Stack Overflow is a popular Community-based Question Answer (CQA) website focused on software programming and has attracted more and more users in recent years. However, duplicate questions frequently appear in Stack Overflow and they are manually marked by the users with high reputation. Automatic duplicate question detection alleviates labor and effort for users with high reputation. Although existing approaches extract textual features to automatically detect duplicate questions, these approaches are limited since semantic information could be lost.

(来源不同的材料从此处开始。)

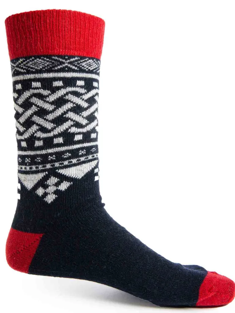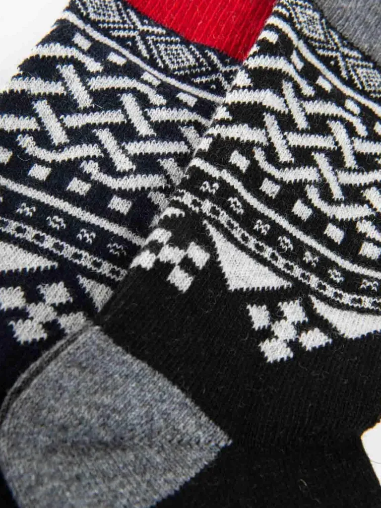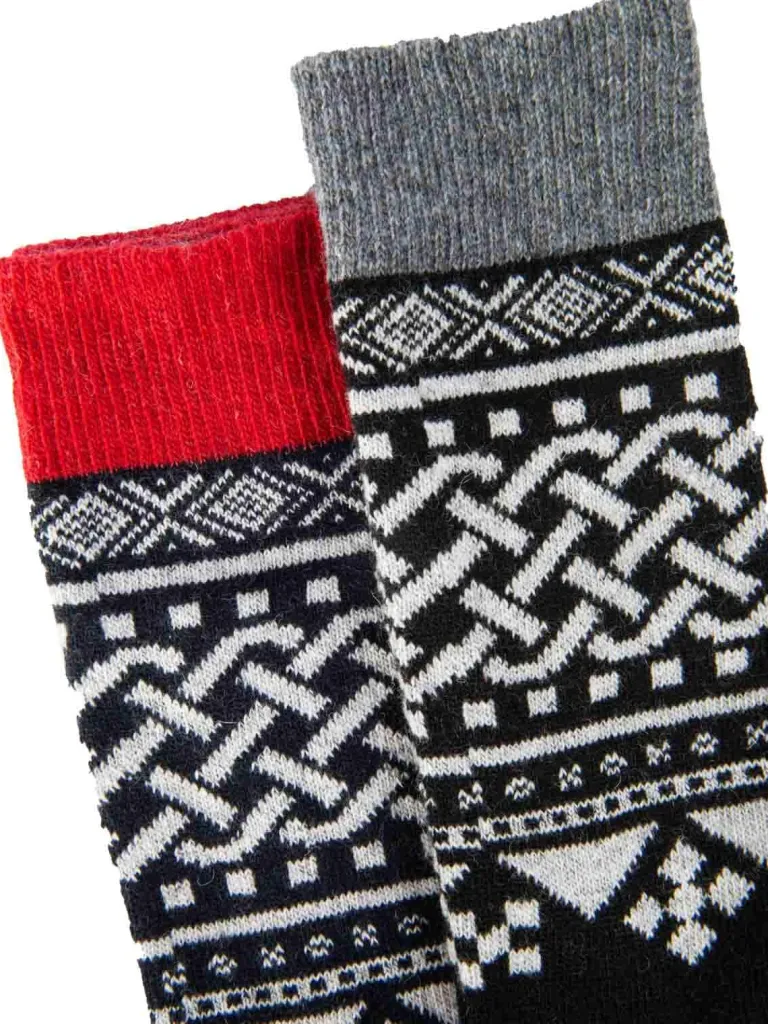 2-Pak Uldstrømper Fra flerfarvede Strømper Med Et Vikingemønster Og Et Ribbet Skaft Foroven. De Er Fremstillede I En Blød Blanding Af Bomuld.
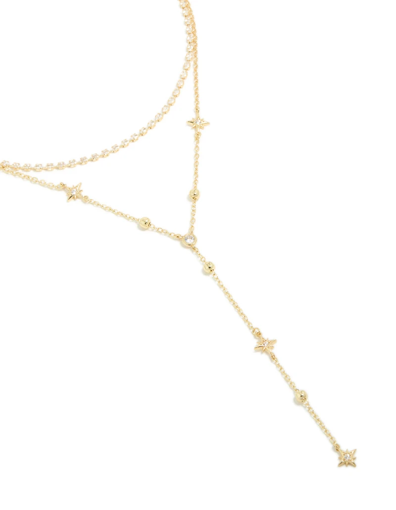 Gold Plated Cubic Zirconia Star & Tennis Layered Y-Necklace

To tackle this problem, we explore the use of powerful deep learning techniques, including Convolutional Neural Networks (CNN), Recurrent Neural Networks (RNN) and Long Short-Term Memory (LSTM), to detect duplicate questions in Stack Overflow. In addition, we use Word2Vec to obtain the vector representations of words. They can fully capture semantic information at document-level and word-level respectively. Therefore, we construct three deep learning approaches WV-CNN, WV-RNN and WV-LSTM, which are based on Word2Vec, CNN, RNN and LSTM, to detect duplicate questions in Stack Overflow. Evaluation results show that WV-CNN and WV-LSTM have made significant improvements over four baseline approaches (i.e., DupPredictor, Dupe, DupPredictorRep-T, and DupeRep) and three deep learning approaches (i.e., DQ-CNN, DQ-RNN, and DQ-LSTM) in terms of recall-rate & x0040;5, recall-rate & x0040;10 and recall-rate & x0040;20. Furthermore, the experimental results indicate that our approaches WV-CNN, WV-RNN, and WV-LSTM outperform four machine learning approaches based on Support Vector Machine, Logic Regression, Random Forest and eXtreme Gradient Boosting in terms of recall-rate & x0040;5, recall-rate & x0040;10 and recall-rate & x0040;20.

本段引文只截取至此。